EXERCISE PROMPT
Taking the line that contains "Tutti vivi, prima" as the start and the last line of the data as the end, repeat exactly every line in that span, but no pictures.

*** Opening of MATERIAL PROVIDED ***

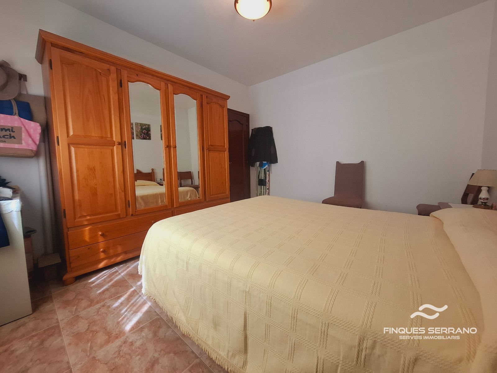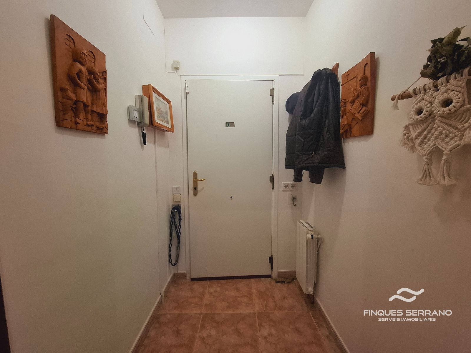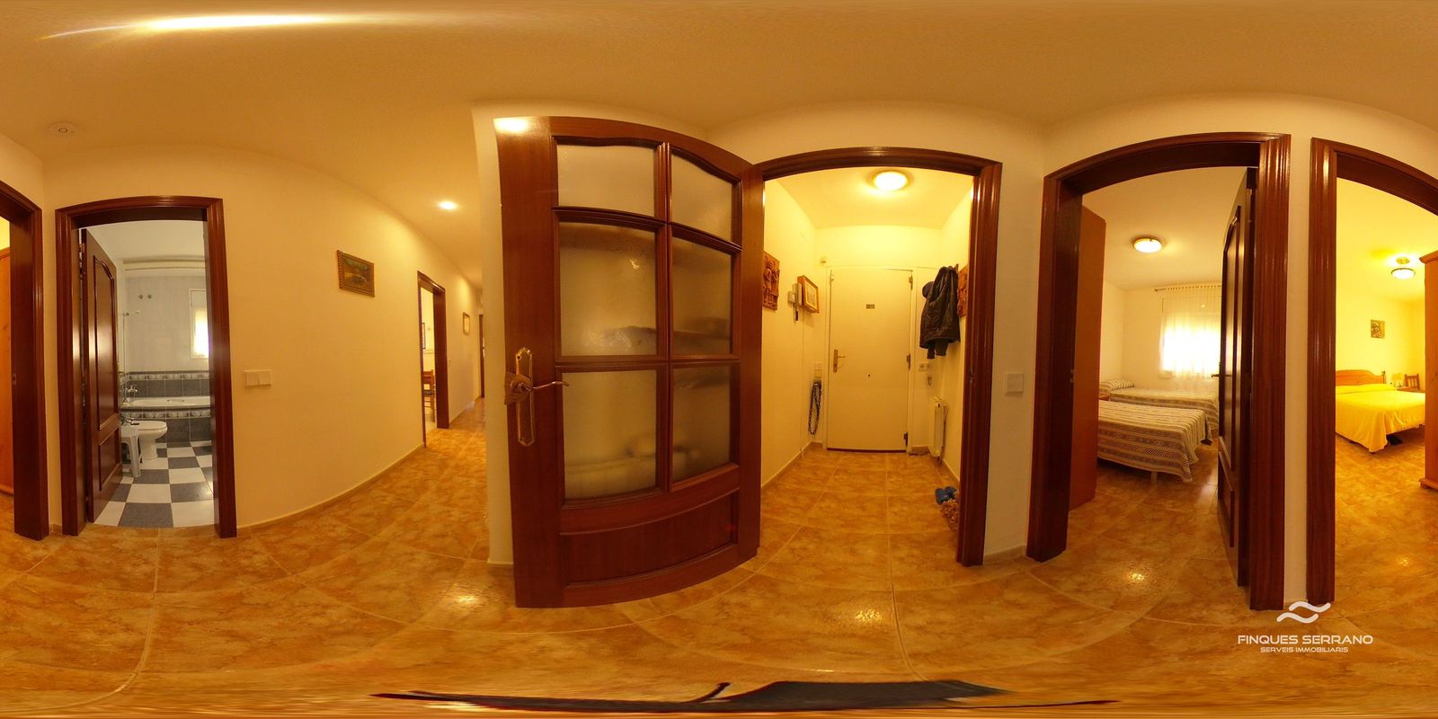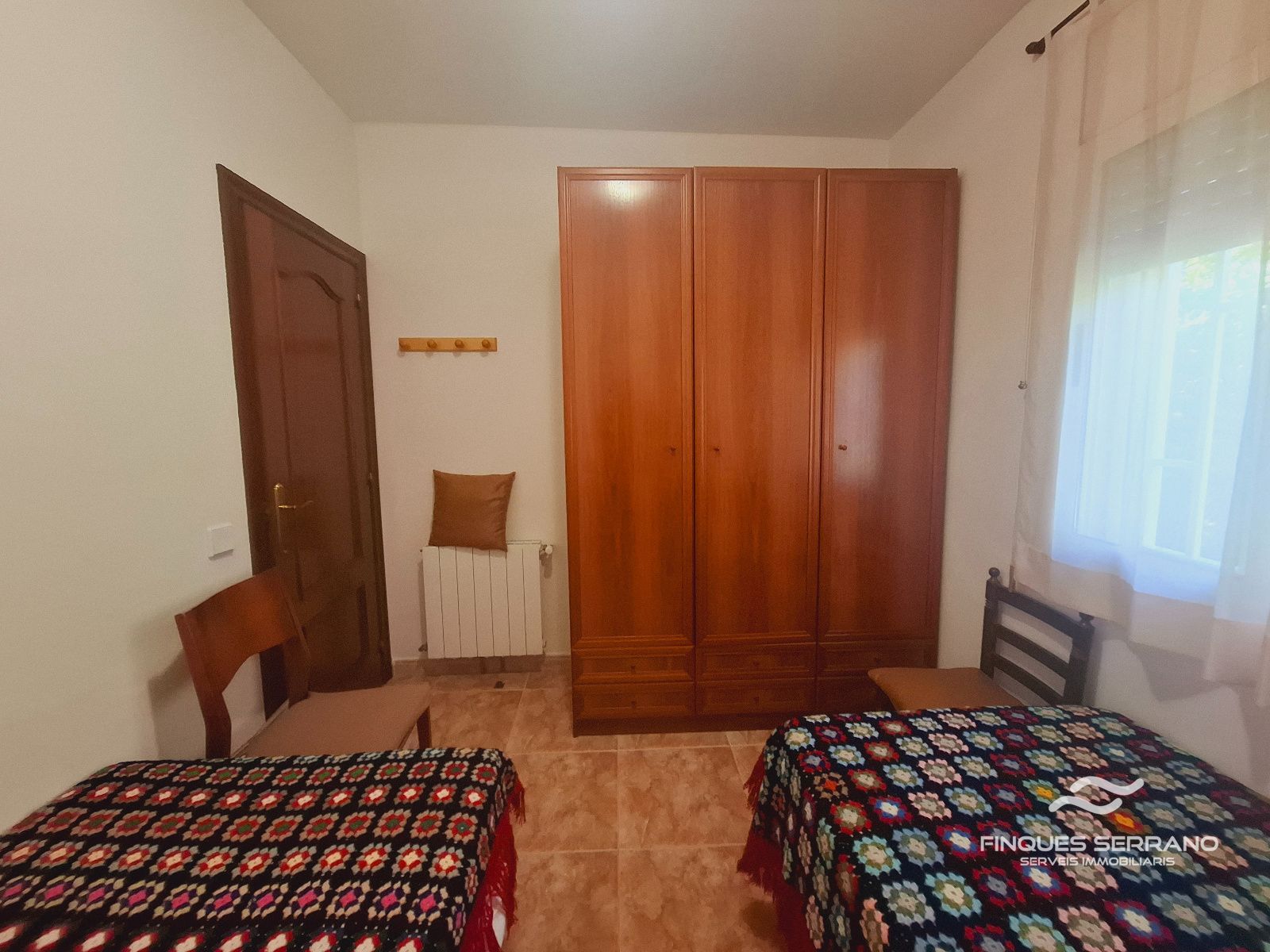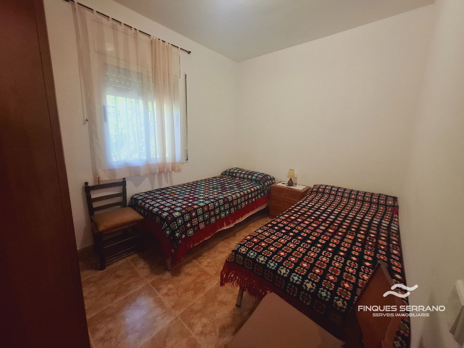 La vivienda principal, distribuida en una sola planta a nivel de calle, ofrece una distribución práctica y elegante. Un amplio recibidor da paso a un cuidado distribuidor que conecta con tres luminosas habitaciones dobles, todas con excelente orientación solar, y dos baños completos, uno equipado con bañera y otro con plato de ducha.
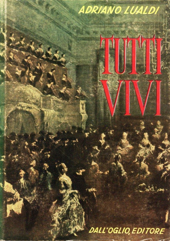 Tutti vivi, prima edizione giugno 1955, pp. 483, formato 14 x 19. <BR>Copertina morbida di color crema con titoli in blu e rosso al piatto anteriore e sul dorso. Sovraccoperta illustrata (Concerto di gala, Guardi) con titoli in giallo e rosso. All'interno presenti alcune tavole fotografiche in b/n. <BR>Ottime condizioni.
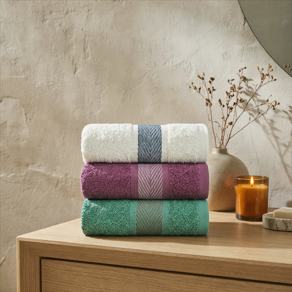 La toalla de manos Julia de Cannon es perfecta para el uso diario: suave, liviana y práctica. Con 380 g/m², ofrece buena absorción y un secado rápido, ideal para el baño, el lavamanos o la cocina. Su diseño destaca por una cenefa central tipo espiga que le da un toque moderno y elegante, fácil de combinar con cualquier ambiente.
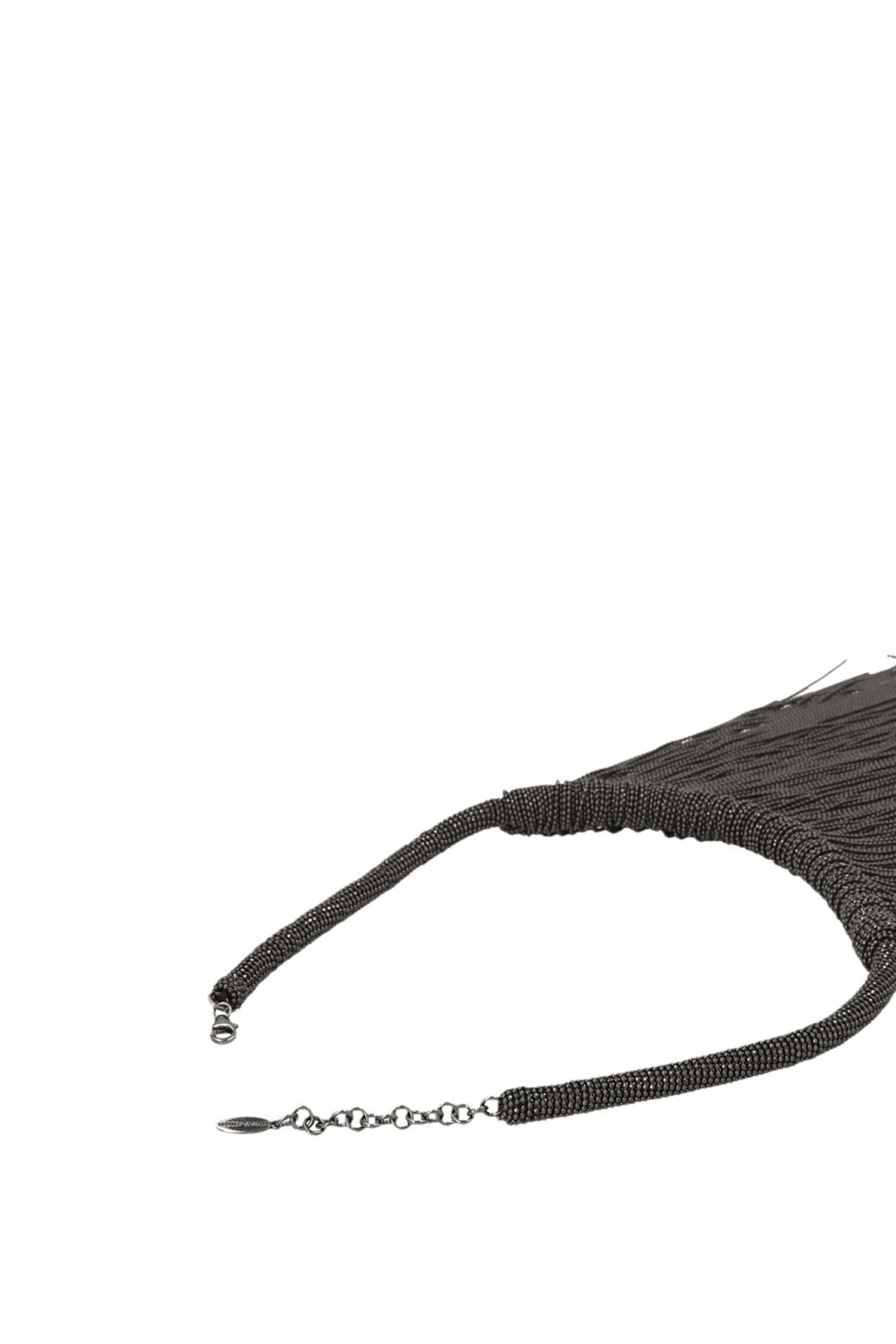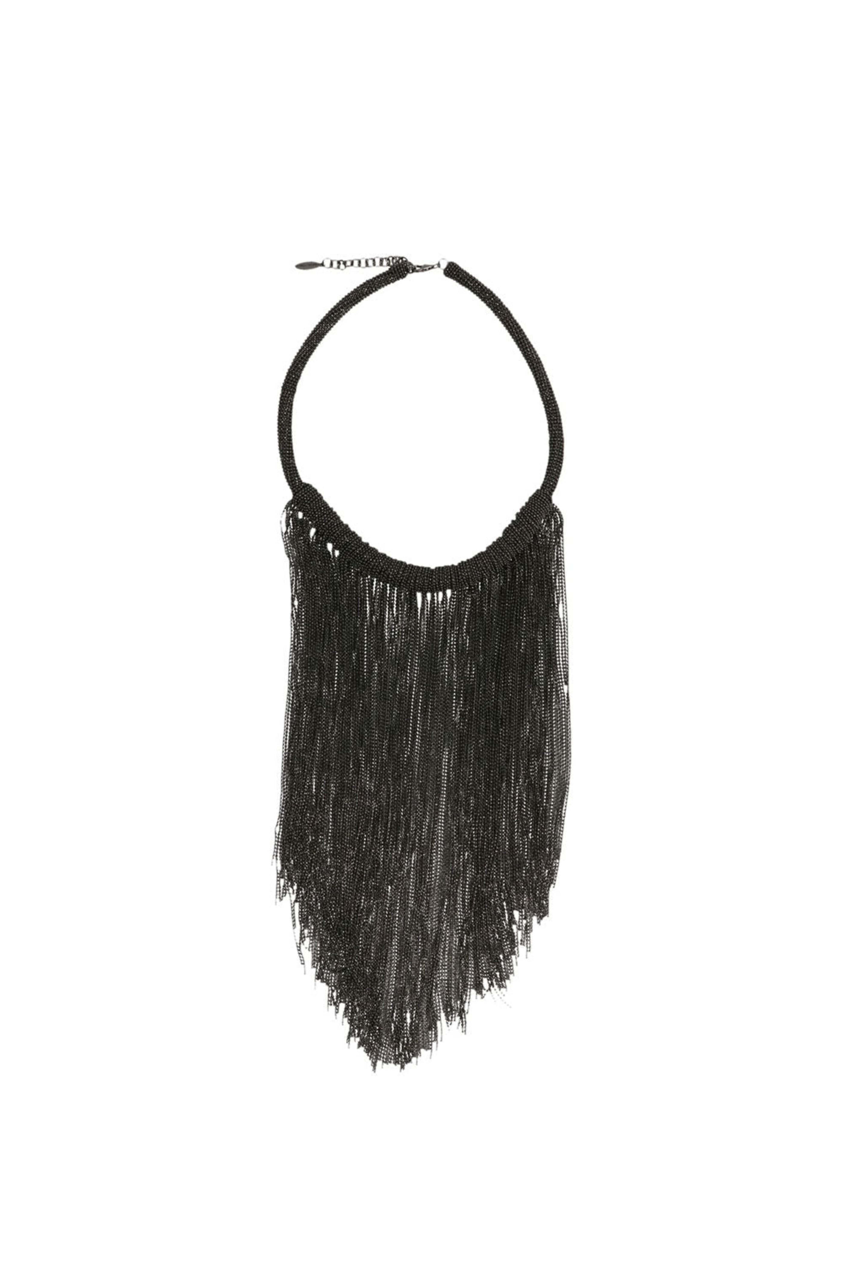 Brunello Cucinelli Monili-Chain Embellished Necklace in Black. Plated brass. Monili beading. Fringe design. 0.31 W x 15.7- 17.5 L. Pedant measures 8.7 L x 5.5 W. Hook closure. Made in Italy.

*** Close of MATERIAL PROVIDED ***

RESPONSE TO THIS TASK
 Tutti vivi, prima edizione giugno 1955, pp. 483, formato 14 x 19. <BR>Copertina morbida di color crema con titoli in blu e rosso al piatto anteriore e sul dorso. Sovraccoperta illustrata (Concerto di gala, Guardi) con titoli in giallo e rosso. All'interno presenti alcune tavole fotografiche in b/n. <BR>Ottime condizioni.
 La toalla de manos Julia de Cannon es perfecta para el uso diario: suave, liviana y práctica. Con 380 g/m², ofrece buena absorción y un secado rápido, ideal para el baño, el lavamanos o la cocina. Su diseño destaca por una cenefa central tipo espiga que le da un toque moderno y elegante, fácil de combinar con cualquier ambiente.
 Brunello Cucinelli Monili-Chain Embellished Necklace in Black. Plated brass. Monili beading. Fringe design. 0.31 W x 15.7- 17.5 L. Pedant measures 8.7 L x 5.5 W. Hook closure. Made in Italy.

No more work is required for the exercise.